TransWikia.com

What is best practice to feature engineer from prior event counts?

Data Science Asked by user3555243 on May 11, 2021

Say for example I am building a model to predict a customer churn event from Spotify, with my target being whether a customer churns in the next 90 days.

One feature I might expect could be predictive of this event is customers checking their billing statements online – so I might engineer features for each customer on each training date to encode the information of how many times they have checked their billing statements.

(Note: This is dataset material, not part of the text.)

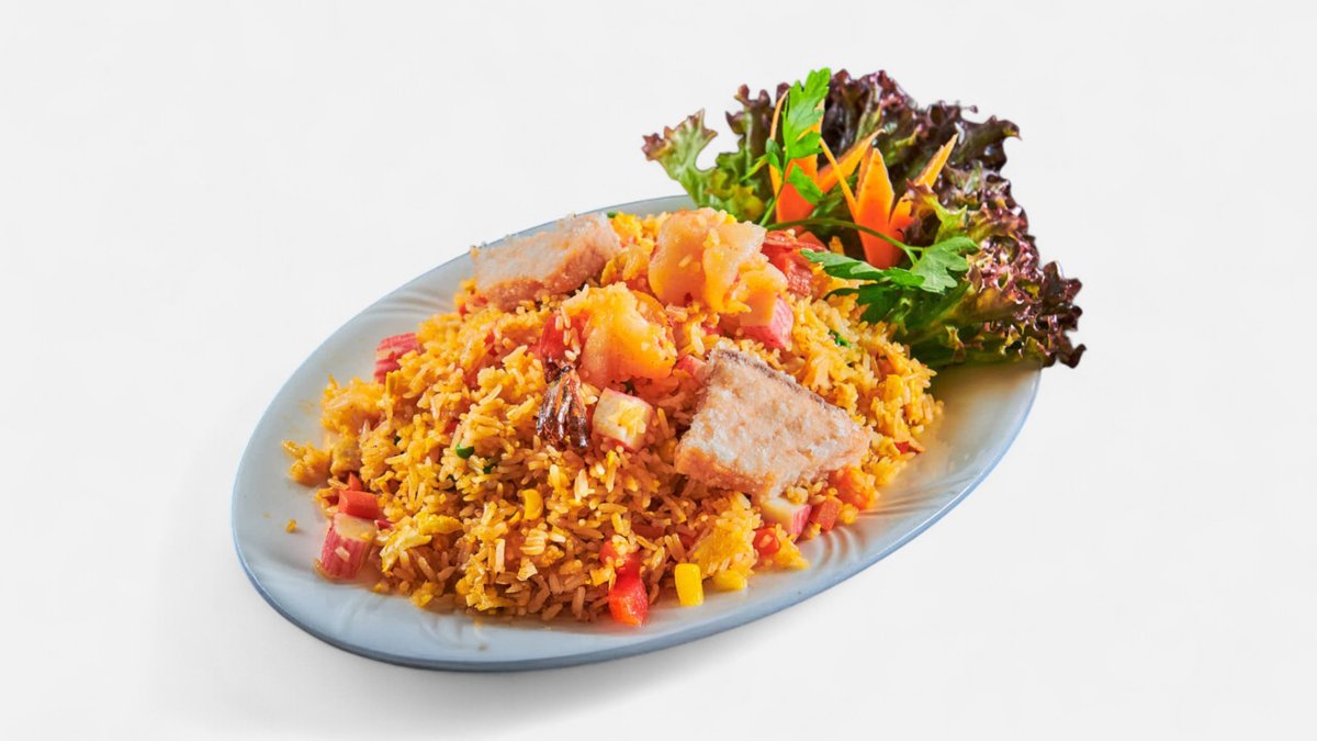 Stekt ris med sterk sjømat.

For example, I might create a feature CHECKBILL_CNT_0_10 which is a count of how many times this customer has checked their online bill in the last 10 days, with many of these such features across different time ranges.

I have seen two different styles of how data scientists do this:

  1. CHECKBILL_0_10, CHECKBILL_0_30, CHECKBILL_0_90 …
  2. CHECKBILL_0_10, CHECKBILL_10_30, CHECKBILL_30_90 …

Both technically encode the same information; however, I’m wondering if one of these options offers advantages over the other? I’m inclined to think that option 2 would be preferable since the features would be less correlated, & therefore the model might learn more easily, but this is speculative.

One Answer

You may want to try both options out and see which is better. Feature engineering I think is more like a trial and error (iterative) process.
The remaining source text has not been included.